Divided loyalties "the issue of directors" duties in joint ventures

Every company lawyer is taught from an early stage that a director owes their duties to the company, and not to the shareholders or any individual shareholder. This is sometimes referred to as the rule in Percival v Wright [1902] 2 Ch 401. In relation to companies which operate as joint ventures, it is relatively common for the parties to provide for individual shareholders to be able to appoint a director to represent their interests on the board. However, as Lord Denning famously pointed out in Boulting v ACTAT [1963] 2 QB 606, 626, a director nominated by a shareholder still owes their duties first and foremost to the company. That general position was recently confirmed by the Privy Council in Central Bank of Ecuador v Conticorp SA [2015] UKPC 11.

It is well known that BVI company law has been modified to allow the parties, if they so choose, to modify the effect of directors duties such that a director nominated by a particular shareholder may exercise their powers in the best interests of the shareholder first, and the company second (BVI Business Companies Act 2004, section 120(4)). This provision has been deployed in a number of high profile joint venture transactions, as well as a multitude of smaller and less famous ones. What has never been satisfactorily resolved by the courts is the degree to which those potentially conflicting duties must be resolved.
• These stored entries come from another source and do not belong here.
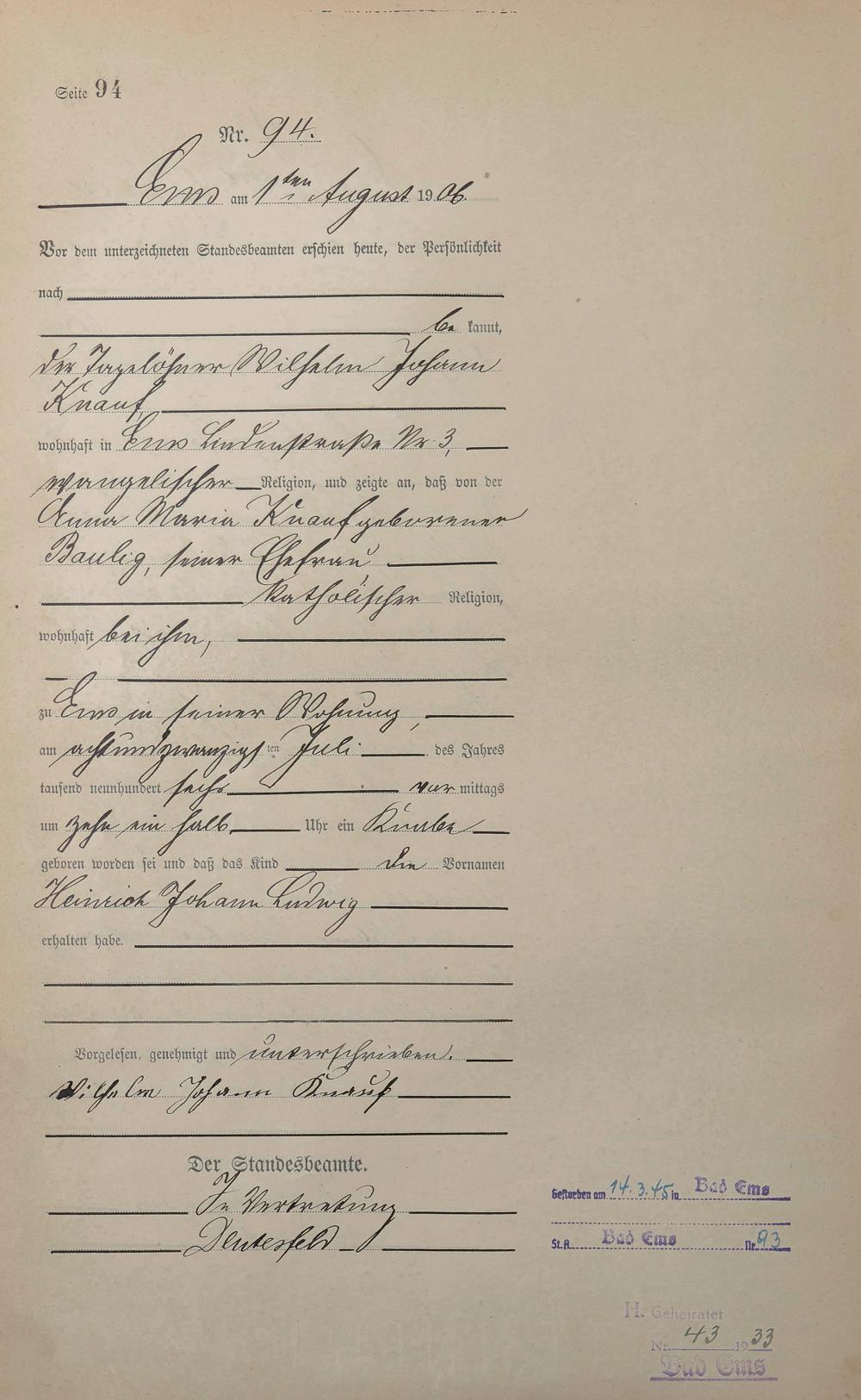 Geburtsregister 1906
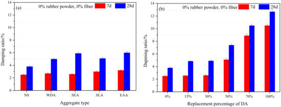 Figure 9 shows the effects of aggregate type, replacement percentage of DA, fiber, and rubber content on the damping ratio of the cement mortar. Each damping ratio value corresponds to the average of three specimens.
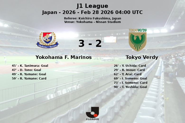 Yokohama, Japon – Lors d’un match disputé au Nissan Stadium, Yokohama F. Marinos a battu Tokyo Verdy lors d’un match comptant pour la quatrième journée de la J1 League. Le match, arbitré par Koichiro Fukushima, a été témoin d’une lutte intense au milieu de terrain et de plusieurs cartons jaunes.

It is clear that a director will still owe duties to the company, however, it is not clear to what extent those duties may be suborned when the section is invoked and the interests of the company and one of its shareholders come into conflict.

However, even where parties do not put their directors within the ambit of section 120(4), BVI law takes a generally more sympathetic line in relation to directors who look out for the interests of the shareholders directly.

In section 132(2A) dealing with the power of a company to indemnify members of the board, the statute affirms that the power arises so long as the director has acted in the best interests of the company or “a shareholder or shareholders of the company”.

Further, in relation to the power to make administration orders under Part II of the Insolvency Act 2003, the power of the court to make an order depends upon the directors or other applicants being able to demonstrate various grounds, including the “rehabilitation of the company or of one or more companies in a group of companies of which the company is a member” (Insolvency Act 2003, section 76(1)(a)).

Similarly, the BVI Commercial Court has taken what might be seen as a more commercially realistic approach to directors’ duties. In Ciban Management Corporation v Citco (BVIHCV 2007/0301), Bannister J indicated that the court would take a more pragmatic approach when assessing the conduct of a nominee director. That case did not involve a joint venture, so the word ‘nominee’ is used in a different sense from the way Lord Denning used it in Boulting. However, the court affirmed that where the beneficial owner of a company was party to an arrangement where the nominee director was expected to act upon the recommendations of a third party, that same beneficial owner could not subsequently complain about the director doing so. That intuitively feels correct. Further, it is respectfully suggested that the decision can probably be extrapolated: if two parties agree (for example in a shareholders’ agreement) that one or more directors are expected to discharge their roles with reference to a particular person, they should not subsequently be able to argue that this is inappropriate. Furthermore, if the company is a party to that arrangement, either by express agreement or by acquiescence, it should similarly not be entitled to complain.

The role of a director is hemmed in by statutory and fiduciary duties, and people filling that role need to be mindful of a large number of responsibilities when exercising their powers. In relation to joint ventures, it is respectfully suggested that the more flexible and realistic approach to discharging those duties under commercially agreed arrangements is to be preferred over the “forced altruism” of older English common law rules.